WORK ORDER
Starting at the line below with "Tinta Spray Uso" and stopping at the line with "De tweede verdieping", please print each line exactly, those two included, and skip every picture.

Top of RECORDS SHOWN

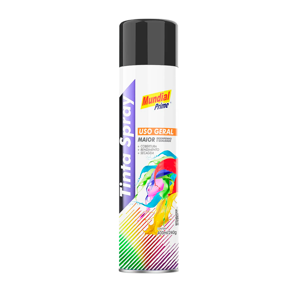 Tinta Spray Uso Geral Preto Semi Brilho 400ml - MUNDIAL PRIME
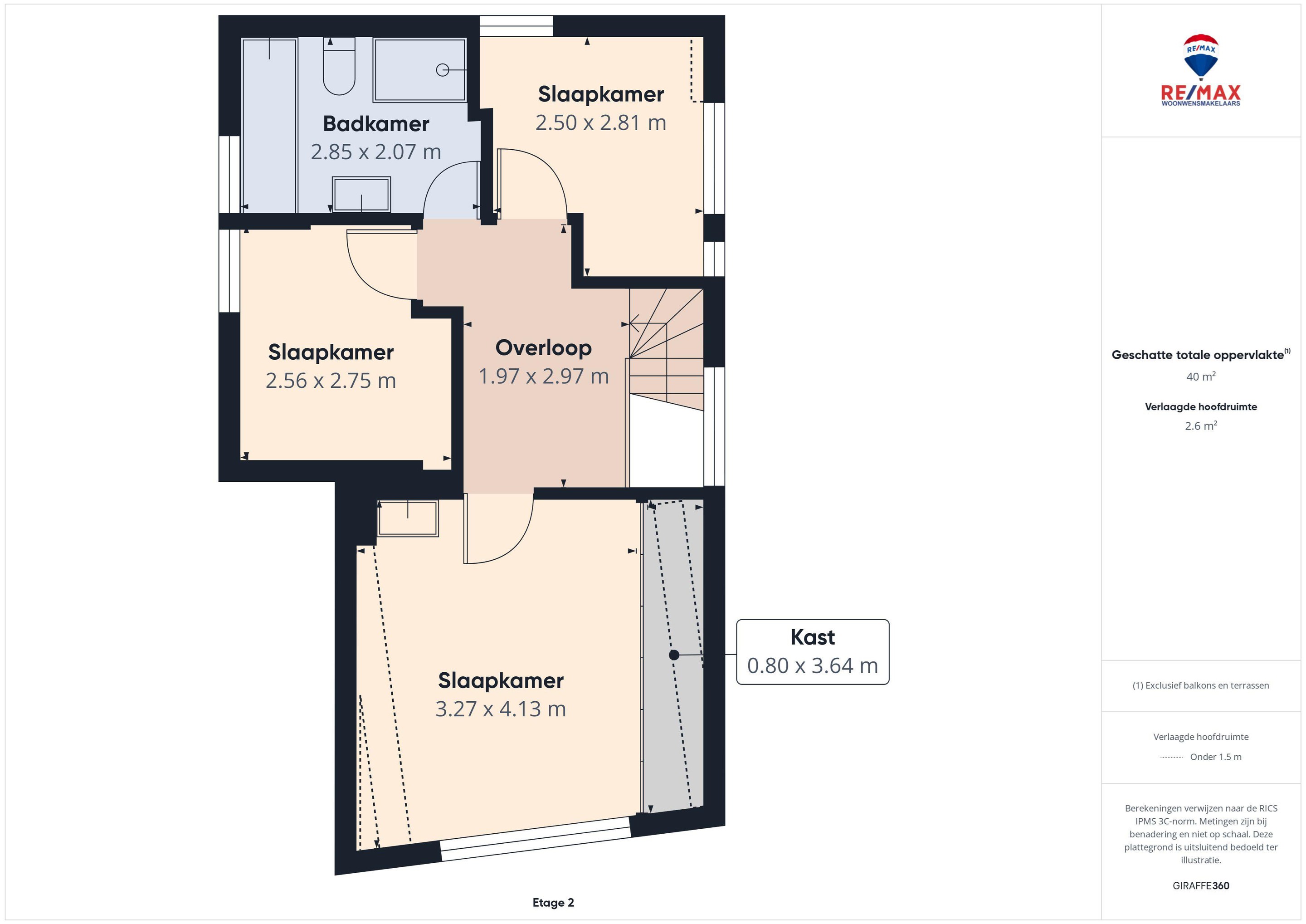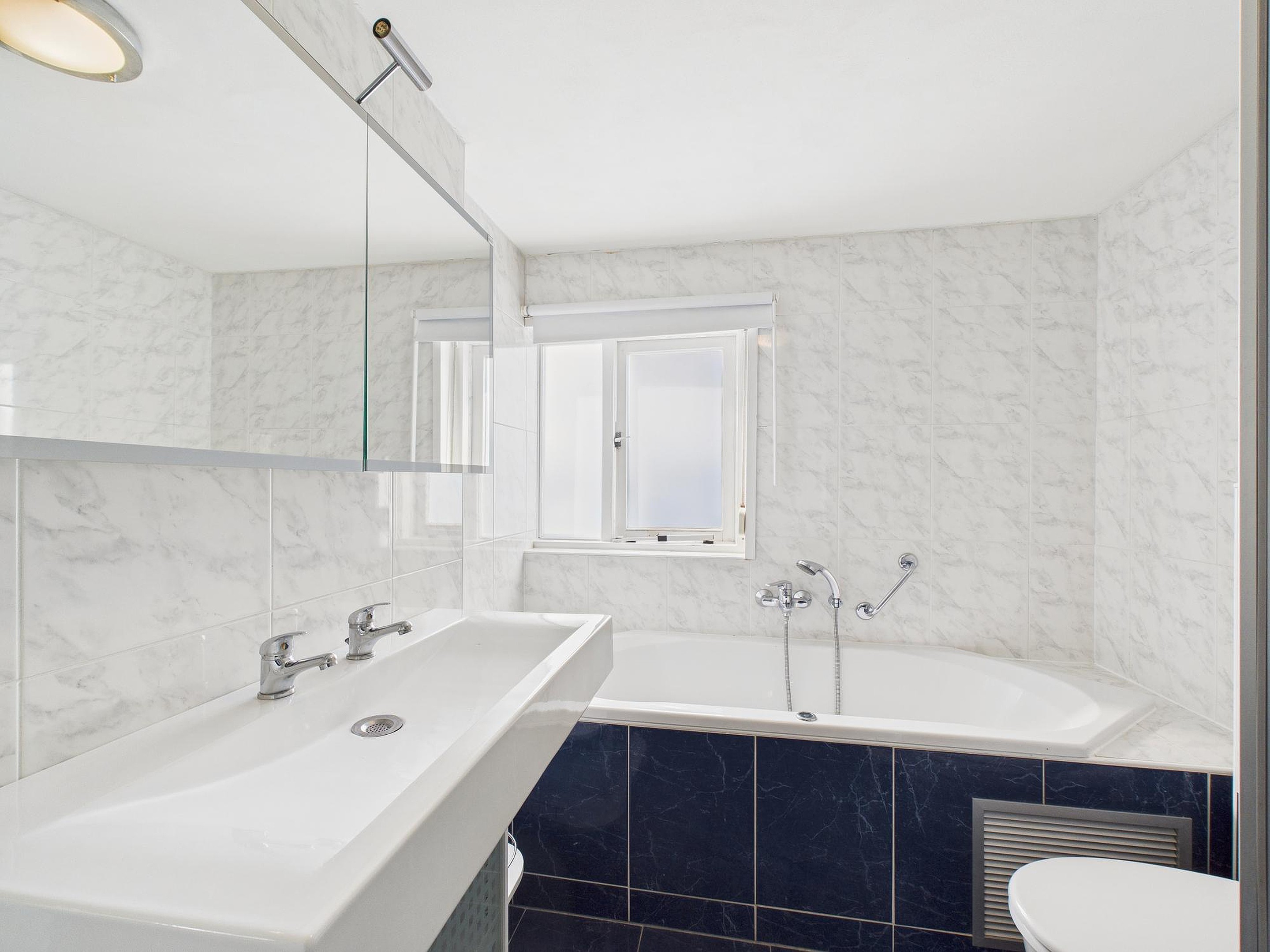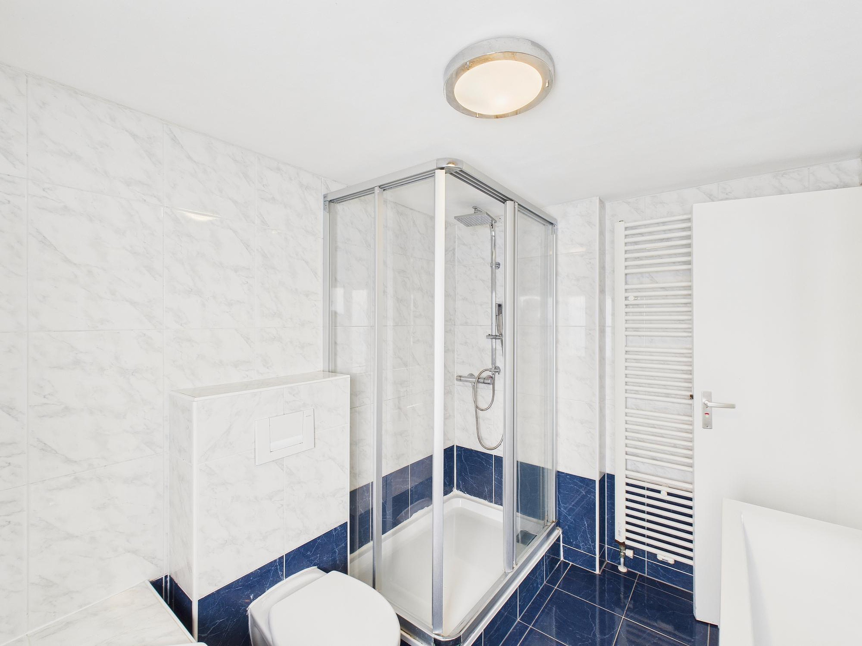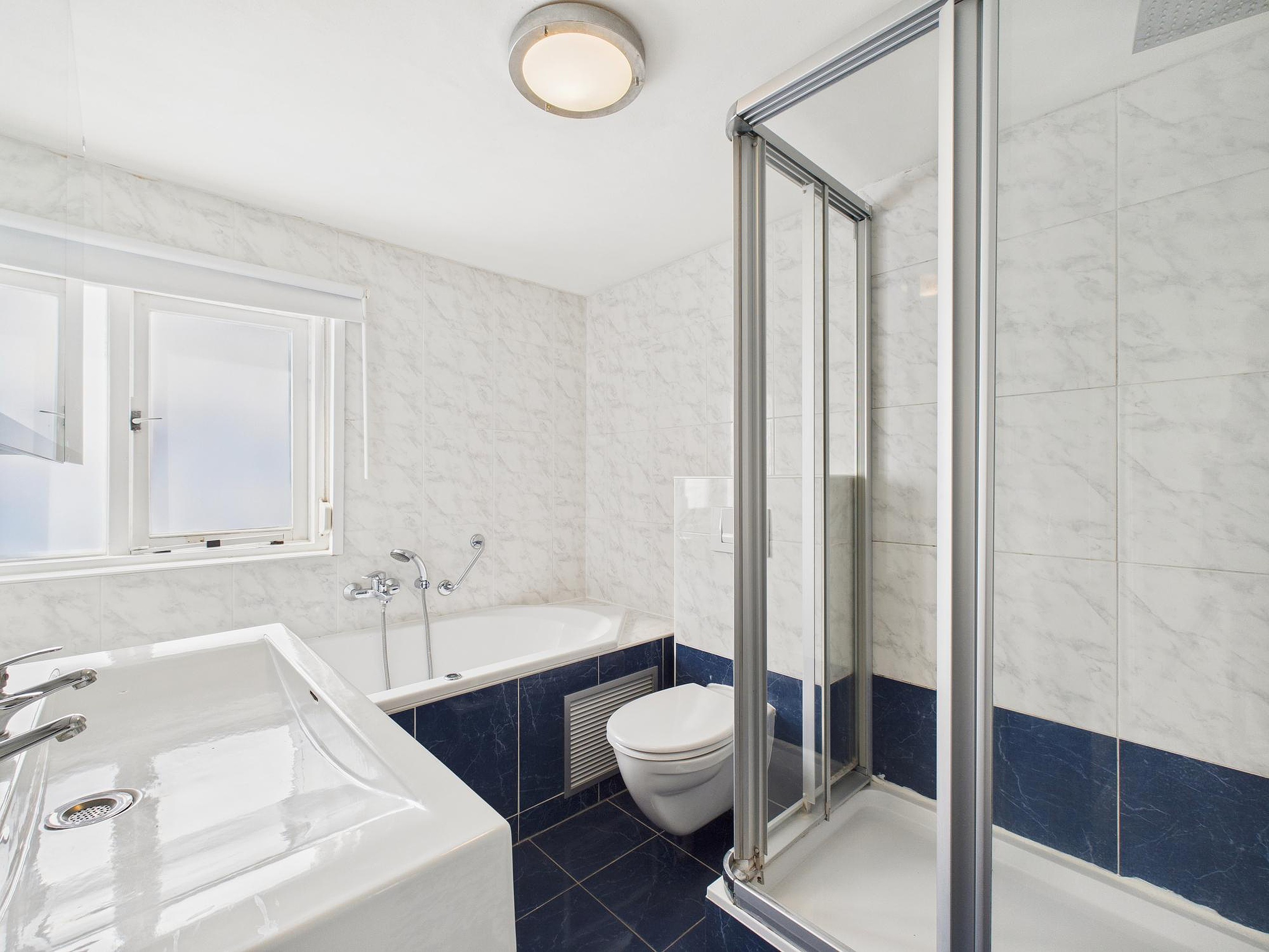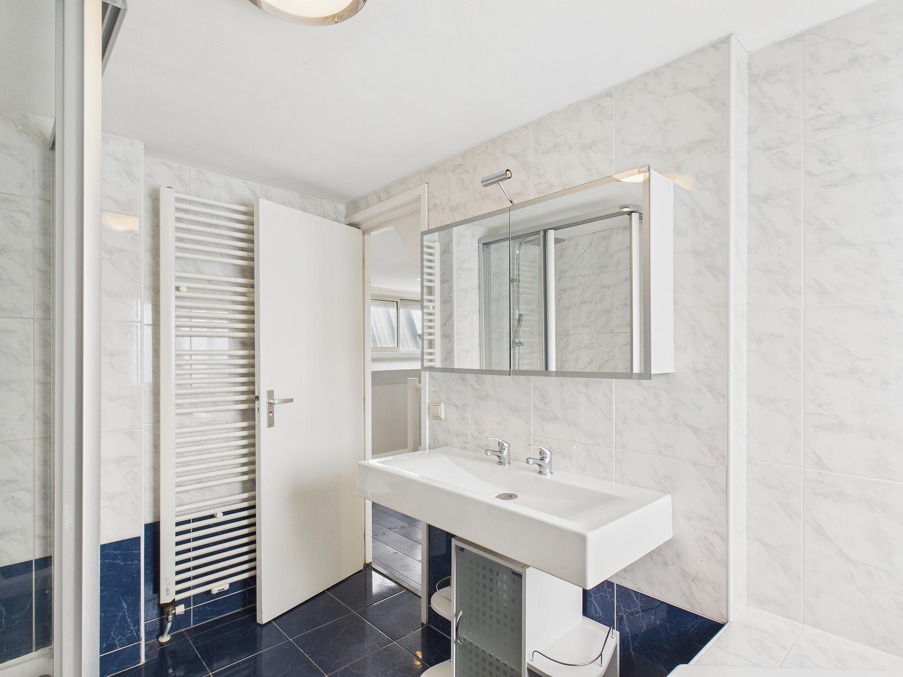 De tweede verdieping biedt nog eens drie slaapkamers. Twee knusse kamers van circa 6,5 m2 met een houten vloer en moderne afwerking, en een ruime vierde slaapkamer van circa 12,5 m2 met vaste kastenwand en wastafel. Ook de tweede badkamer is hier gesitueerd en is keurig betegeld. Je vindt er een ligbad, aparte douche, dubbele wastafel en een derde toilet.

Bottom of RECORDS SHOWN
Top of RECORDS SHOWN

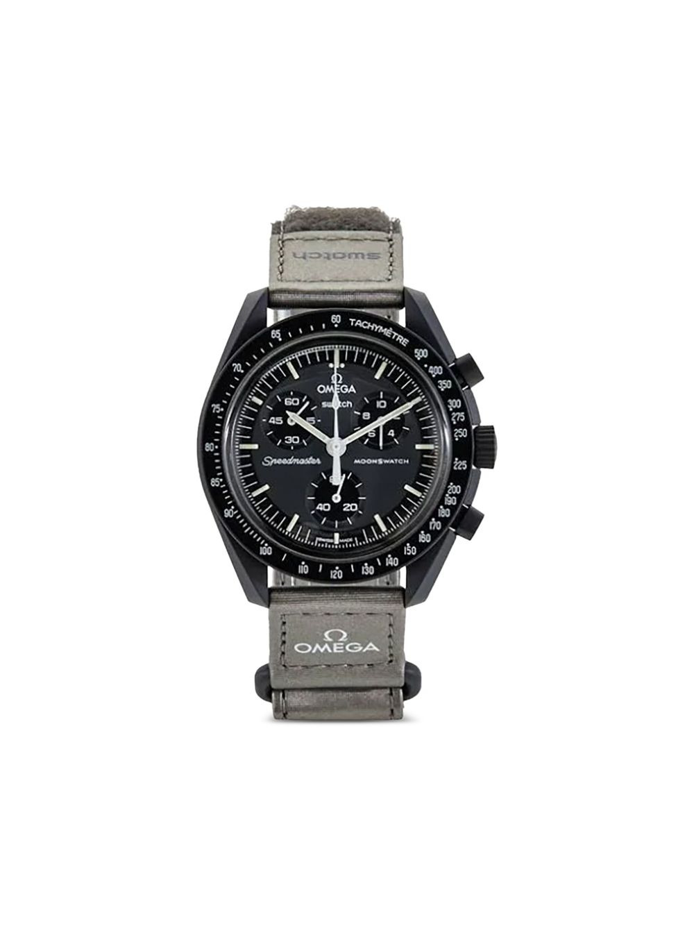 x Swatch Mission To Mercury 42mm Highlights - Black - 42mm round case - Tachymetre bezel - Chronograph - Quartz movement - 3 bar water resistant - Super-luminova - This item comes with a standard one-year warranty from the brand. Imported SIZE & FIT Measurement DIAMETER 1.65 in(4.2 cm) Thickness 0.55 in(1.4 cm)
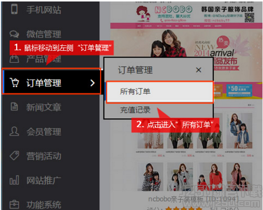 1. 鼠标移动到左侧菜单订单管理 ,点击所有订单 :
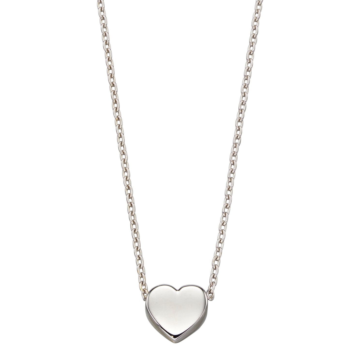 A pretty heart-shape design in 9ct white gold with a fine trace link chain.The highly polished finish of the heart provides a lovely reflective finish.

Bottom of RECORDS SHOWN

EXPECTED OUTPUT
 Tinta Spray Uso Geral Preto Semi Brilho 400ml - MUNDIAL PRIME
 De tweede verdieping biedt nog eens drie slaapkamers. Twee knusse kamers van circa 6,5 m2 met een houten vloer en moderne afwerking, en een ruime vierde slaapkamer van circa 12,5 m2 met vaste kastenwand en wastafel. Ook de tweede badkamer is hier gesitueerd en is keurig betegeld. Je vindt er een ligbad, aparte douche, dubbele wastafel en een derde toilet.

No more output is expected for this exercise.